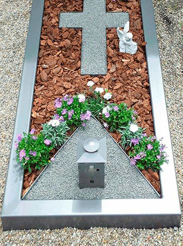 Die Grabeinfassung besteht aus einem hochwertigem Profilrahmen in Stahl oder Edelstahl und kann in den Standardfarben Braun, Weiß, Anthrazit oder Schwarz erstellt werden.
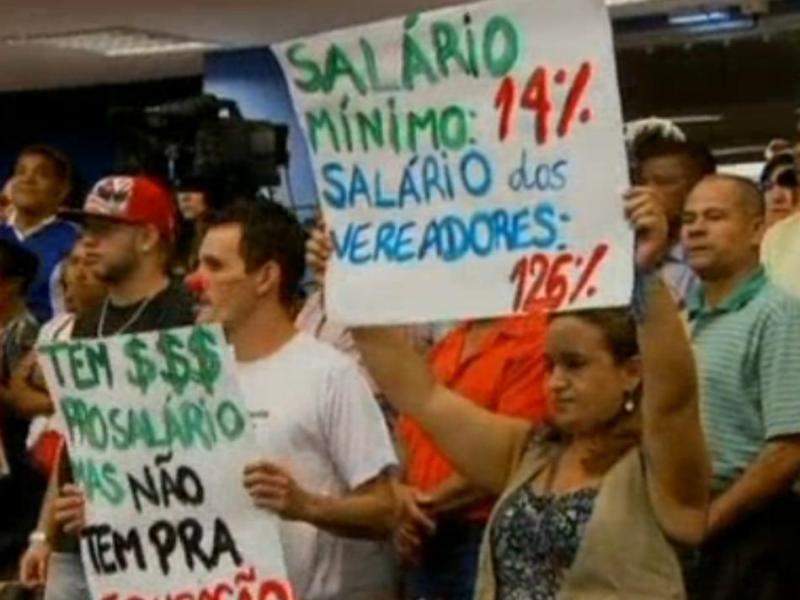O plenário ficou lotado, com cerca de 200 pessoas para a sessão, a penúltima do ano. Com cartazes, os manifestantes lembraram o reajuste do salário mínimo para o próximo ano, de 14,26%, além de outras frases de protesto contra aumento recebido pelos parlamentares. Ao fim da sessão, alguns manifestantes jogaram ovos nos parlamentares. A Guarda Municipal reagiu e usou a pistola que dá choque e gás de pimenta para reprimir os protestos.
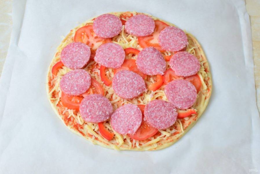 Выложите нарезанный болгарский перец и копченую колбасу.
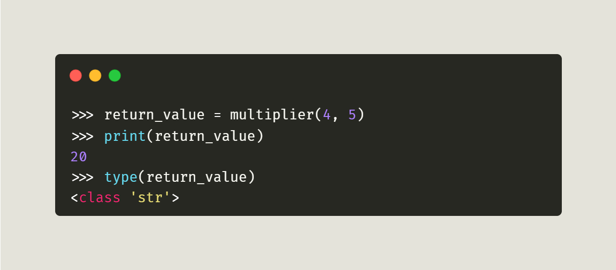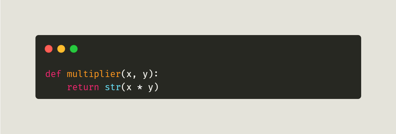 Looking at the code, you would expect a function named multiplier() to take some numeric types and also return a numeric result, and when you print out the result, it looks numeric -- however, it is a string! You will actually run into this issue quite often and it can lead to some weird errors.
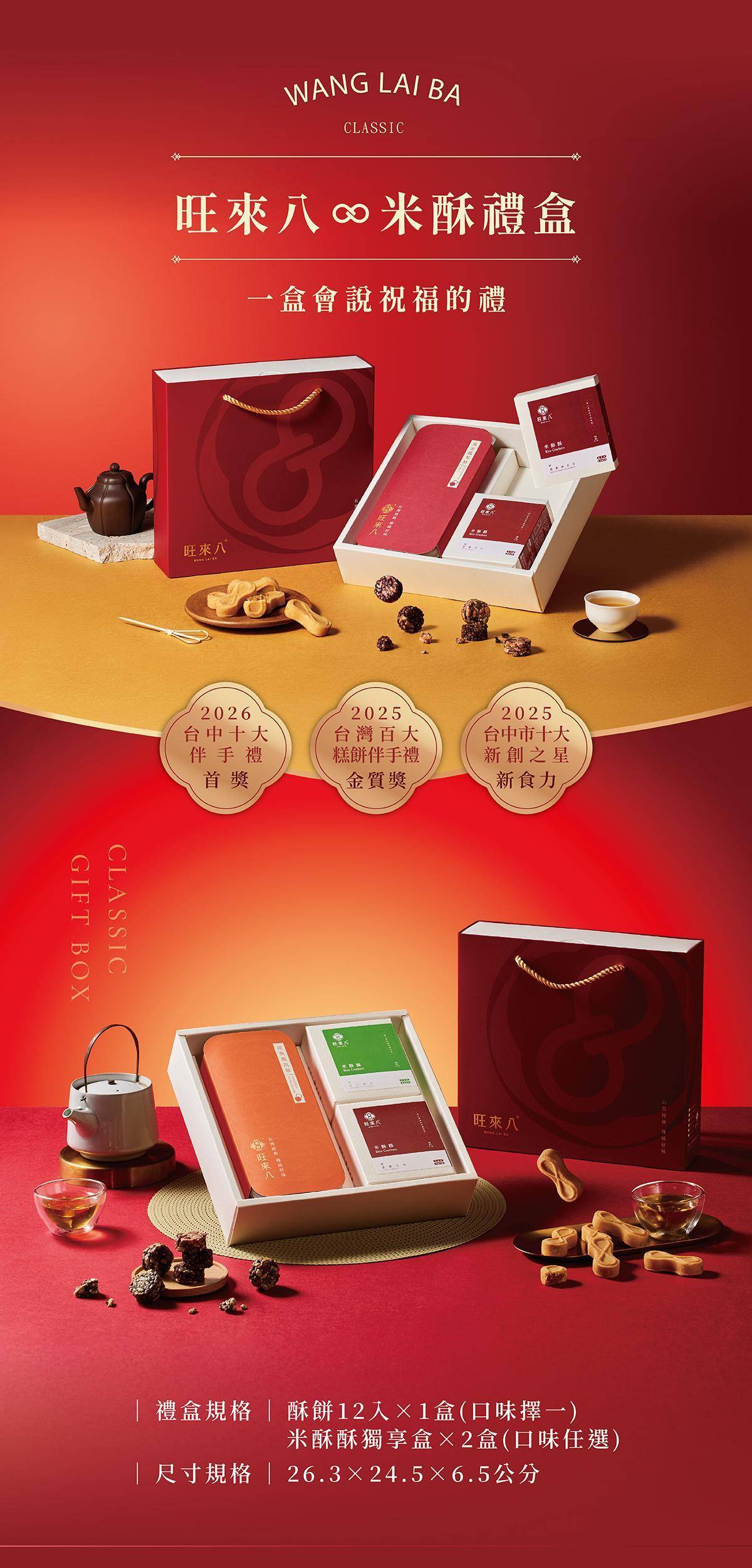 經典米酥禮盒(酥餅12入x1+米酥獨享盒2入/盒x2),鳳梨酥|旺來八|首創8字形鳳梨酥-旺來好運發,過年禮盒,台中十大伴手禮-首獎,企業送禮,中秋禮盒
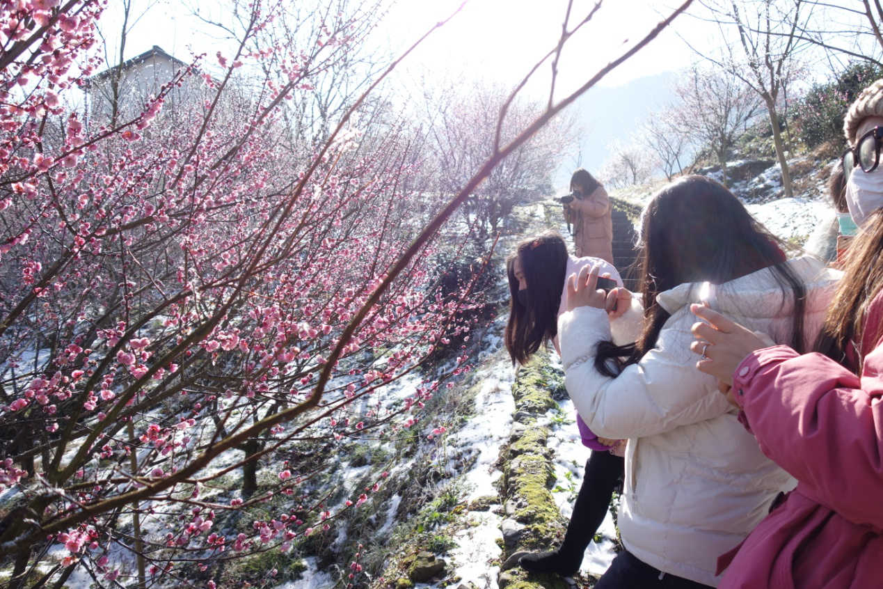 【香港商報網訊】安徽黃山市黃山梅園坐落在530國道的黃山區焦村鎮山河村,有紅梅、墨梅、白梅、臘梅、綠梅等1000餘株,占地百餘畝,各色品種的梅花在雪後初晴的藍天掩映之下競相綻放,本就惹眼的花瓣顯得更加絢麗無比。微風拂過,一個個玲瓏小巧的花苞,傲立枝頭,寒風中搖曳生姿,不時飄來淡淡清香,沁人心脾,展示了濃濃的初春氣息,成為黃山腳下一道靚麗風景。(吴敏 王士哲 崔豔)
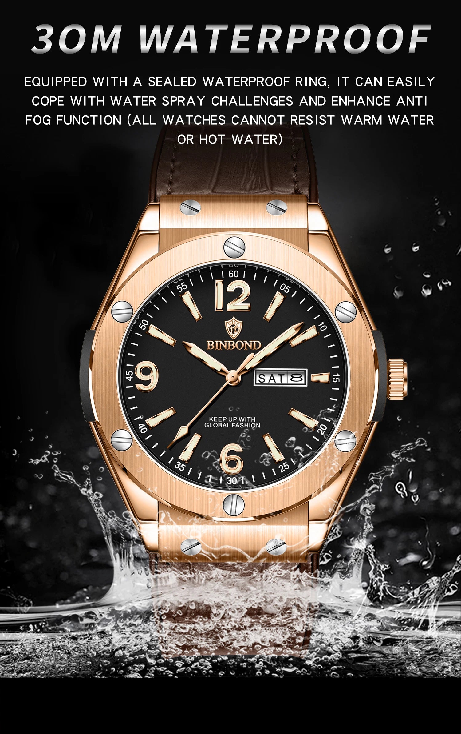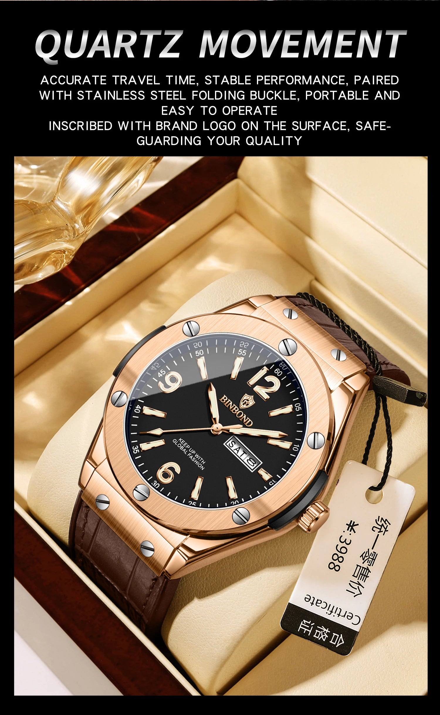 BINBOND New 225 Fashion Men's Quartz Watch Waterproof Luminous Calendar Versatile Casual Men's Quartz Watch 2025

==============================

__Exercise details__.
Only the lines from the one that contains "Looking at the" to the end of the records, inclusive, are to be quoted exactly, with pictures excluded.

__Task result__.
 Looking at the code, you would expect a function named multiplier() to take some numeric types and also return a numeric result, and when you print out the result, it looks numeric -- however, it is a string! You will actually run into this issue quite often and it can lead to some weird errors.
 經典米酥禮盒(酥餅12入x1+米酥獨享盒2入/盒x2),鳳梨酥|旺來八|首創8字形鳳梨酥-旺來好運發,過年禮盒,台中十大伴手禮-首獎,企業送禮,中秋禮盒
 【香港商報網訊】安徽黃山市黃山梅園坐落在530國道的黃山區焦村鎮山河村,有紅梅、墨梅、白梅、臘梅、綠梅等1000餘株,占地百餘畝,各色品種的梅花在雪後初晴的藍天掩映之下競相綻放,本就惹眼的花瓣顯得更加絢麗無比。微風拂過,一個個玲瓏小巧的花苞,傲立枝頭,寒風中搖曳生姿,不時飄來淡淡清香,沁人心脾,展示了濃濃的初春氣息,成為黃山腳下一道靚麗風景。(吴敏 王士哲 崔豔)
 BINBOND New 225 Fashion Men's Quartz Watch Waterproof Luminous Calendar Versatile Casual Men's Quartz Watch 2025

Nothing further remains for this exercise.